La mujer detuvo la lectura y observó a la niña.
Durante unos segundos, el silencio se instaló entre ambas, suave pero denso, como si las palabras necesitaran un respiro antes de continuar su camino.
Luego, con voz curiosa y algo incrédula, le preguntó:
― ¿Y ese caballo azul, con ese cuerno?
La niña levantó la vista, sonriendo con seguridad, y respondió con la naturalidad de quien conoce los secretos del mundo:
―Es un unicornio mágico, que transportará a la princesa hechizada y convertida en muñeca por la bruja, hasta el castillo del príncipe, donde será recibida por una carroza con cuatro caballos alados y blancos.

La mujer permaneció callada unos instantes.
Después volvió a preguntar, con un leve gesto de asombro:
― ¿Y esas modelos?
La niña abrió los ojos, sorprendida, casi ofendida por aquella confusión:
― ¡¿Modelos?! ―exclamó―.
― ¡Oye! ¿Dónde vives? ¿Nunca leíste cuentos?
Esas son las hadas, las que llenarán de dones, con su varita mágica, a la princesa, para que fecunde su reino.

Y así, la niña siguió mostrándole otros cuentos.
Pasaba las páginas con delicadeza, como si tocara algo sagrado, y hablaba con entusiasmo de los personajes que poblaban aquellos mundos: hadas, brujas, duendes, princesas, castillos.
Su voz era música; su imaginación, un paisaje vivo.
La mujer, al escucharla, no pudo evitar que sus ojos se nublaran.
Lloró.
En su propio cuento, las cosas eran muy distintas.
Los dones eran los billetes; las hadas, las modelos y las chicas de Playboy; la magia, el silicón y el bisturí.
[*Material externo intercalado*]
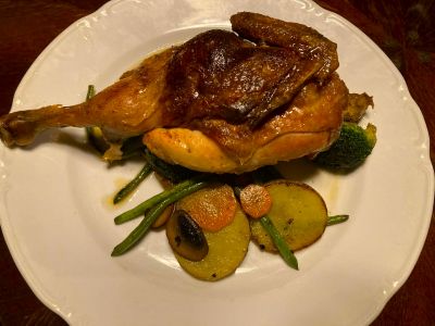 Pečené kuře s tradiční velikonoční nádivkou, červené zelí, náš špekový knedlík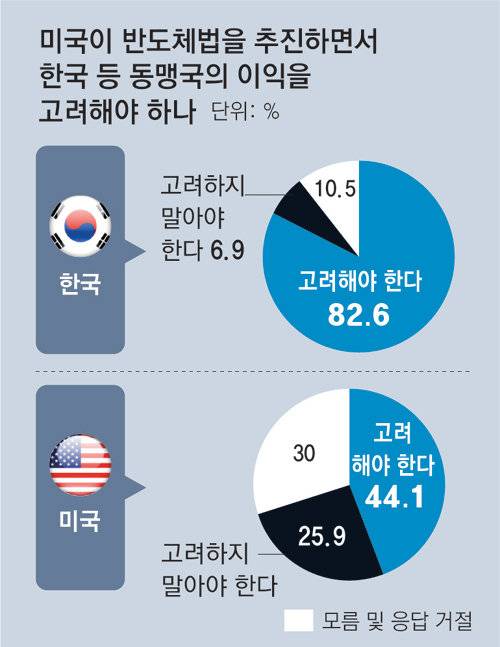 동아일보와 국가보훈처가 한국갤럽에 의뢰해 한미 국민들을 대상으로 실시한 여론조사에 따르면 ‘미국이 반도체법을 추진하는 과정에서 한국 등 동맹국의 이익을 고려해야 한다’고 생각하는 미국인은 44.1%였다. ‘고려하지 말아야 한다’(25.9%)는 비율보다 높았다.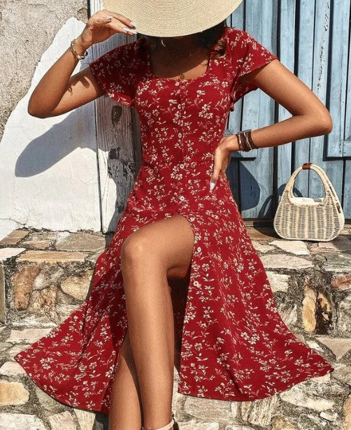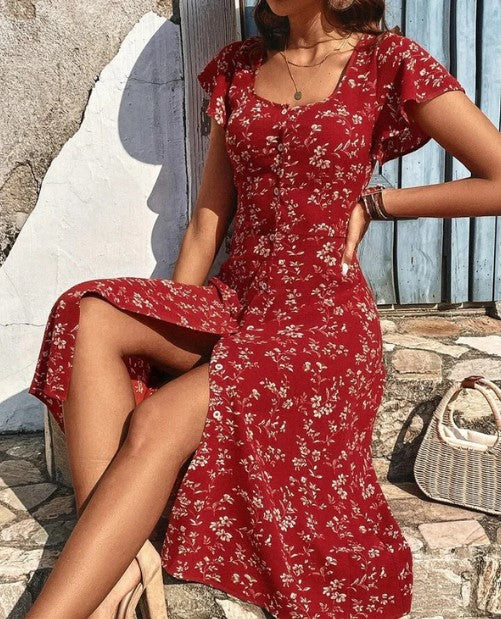 "Zoe, Elegant Midikjole med Rødt Print og Firkantet Halsudskæring: En sofistikeret midikjole med et smukt rødt print og en firkantet halsudskæring, perfekt til stilfulde og elegante anledninger."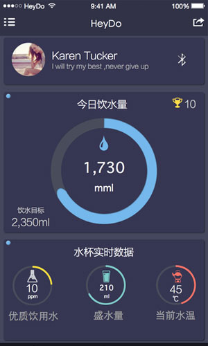 嘿逗安全水杯app应用特色: 1.监控你的水杯记录,可查看自己的历史数据! 2.使用非常方便,直接用蓝牙就能获取你所拥有的设备的数据。 2.能够支持自己设定饮水目标哦,想喝多少水,直接就有嘿逗安全水杯app提醒你!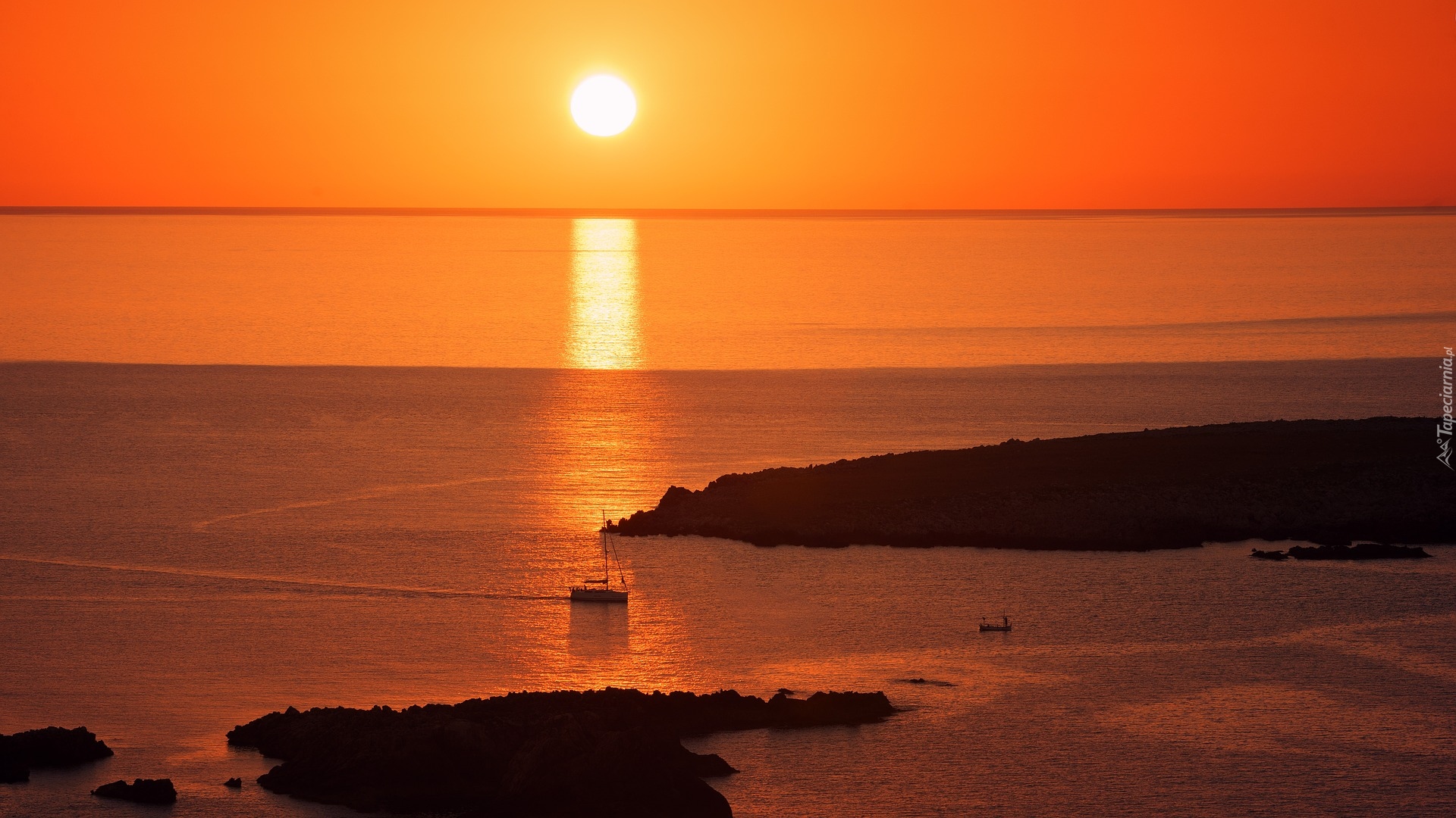 Edytor tapety: Łódka wpływająca do zatoki o zachodzie słońca

Su carroza, a veces, un Ferrari; otras, un Mercedes-Benz o un Rolls-Royce; y, una que otra vez, una limusina.
Los gnomos y duendes eran los managers, los representantes, los que abrían o cerraban las puertas del éxito según el día.
La niña, al notar las lágrimas que corrían por las mejillas de la mujer, la miró con ternura y preguntó, en un susurro:
― ¿Te acuerdas de los cuentos que tu madre te contaba?
¿Verdad que, de felicidad, hacen llorar?
La mujer sonrió.
Asintió con un leve movimiento de cabeza.
Y se marchó, con el corazón más que estrujado.
En su cuento —ese que la vida le había contado—, su madre siempre le había dicho que el capo y el magnate eran los verdaderos príncipes, y que ella era una muñeca viva, más exquisita que cualquier princesa de los cuentos de la prehistoria.